Pushing the whole company into the past on purpose
Interpretation of the “fifty years” remark
- Several readers link the closing joke (“sent it back fifty years”) to the company’s recent policy changes: ending or weakening fact-checking and explicitly allowing certain slurs and claims of mental illness about queer people.
- Others note the line is partly a political jab layered on top of a genuine technical story about time smearing.
Debate over platform’s new hate‑speech policy
- One commenter cites the policy language: it generally bans attacks based on mental characteristics, but explicitly allows allegations of mental illness or abnormality when based on gender or sexual orientation.
- Some argue this is regressive and hostile to queer people; at least one former employee says they now “root for [the company’s] complete destruction.”
- Others see the change as a return toward older “centrist” norms or greater free-speech tolerance.
Gender dysphoria, mental illness, and medical coverage
- Strong disagreement on whether labeling queer or trans people as mentally ill is hateful or legitimate debate.
- One side emphasizes decades of research and lived experience, framing gender dysphoria as a condition where gender-affirming care (especially HRT) is effective and often life‑saving, with relatively low cost and low regret.
- Others compare transition treatments to cosmetic surgery and question why they should be publicly funded or described as “life‑saving.”
- Further sub‑threads debate pregnancy-as-condition vs. illness, pro‑natalist policy motives, and whether credentials matter to be correct.
Free speech, censorship, and political alignment
- Some view the new policy as “sending the company back 50 years” to a time of more open speech.
- Others argue that equating current moderation with “censorship” ignores historical state censorship under past regimes.
- A long tangent covers US politics: shifts in Gen Z voting patterns, Trump’s support, suburban vs. rural voting power, and claims about oligarchy, Section 230 leverage, and antitrust as structural problems.
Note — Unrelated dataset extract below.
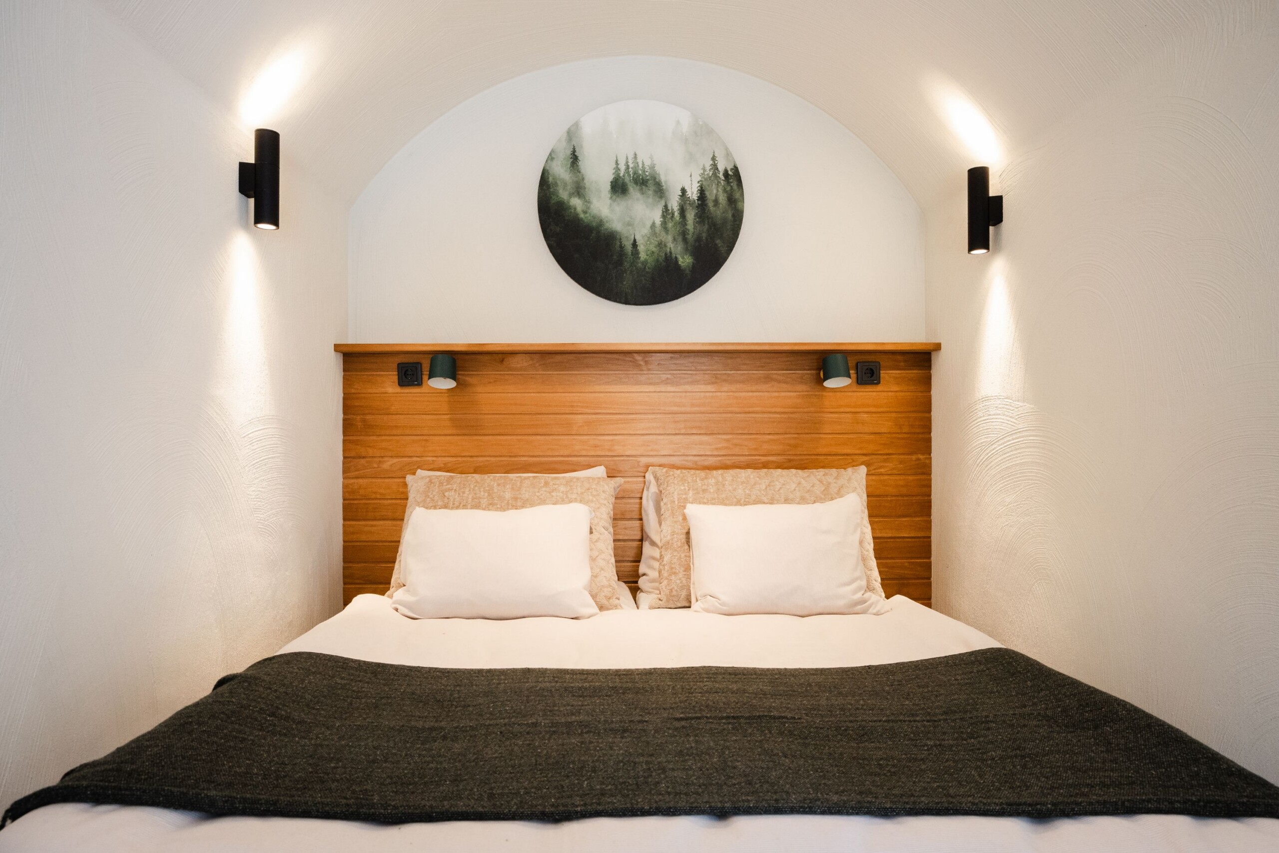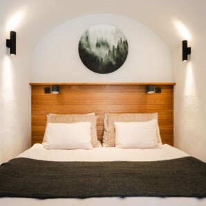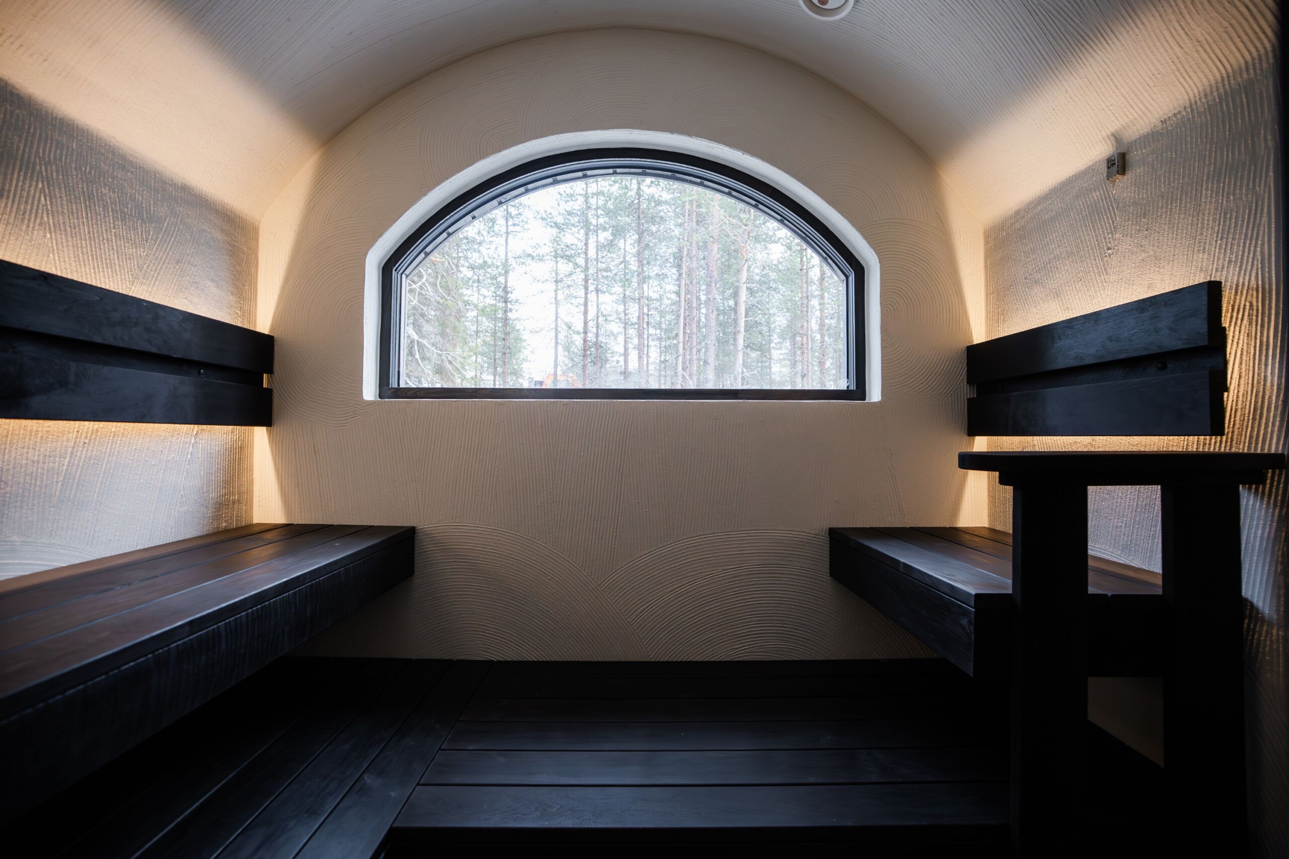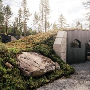 Wir haben 80 modulare, unterirdische Suiten gebaut, die sich natürlich in die Landschaft von Aavasaksa einfügen – als wären sie immer schon dort gewesen. Mit Erde bedeckt und von gewölbtem Beton geformt, halten sie das Raumklima ganzjährig natürlich stabil – bei geringem Energiebedarf.

Technical discussion: time smearing and clock synchronization
- Separate from the politics, several comments discuss time smearing for leap seconds.
- They critique crude approaches like
watch -n1 datefor millisecond accuracy, discuss sampling effects, and suggest better tools (NTP queries,clockdiff, custom programs that sync on second boundaries). - There is mention of different smear windows (e.g., 24 hours) and trade‑offs for NTP convergence.
Miscellaneous
- Brief side notes on studio/GPS clocks, orange LED wall clocks, cost of broadcast displays, and one commenter’s wistful wish to work on similar “amazing” technical problems.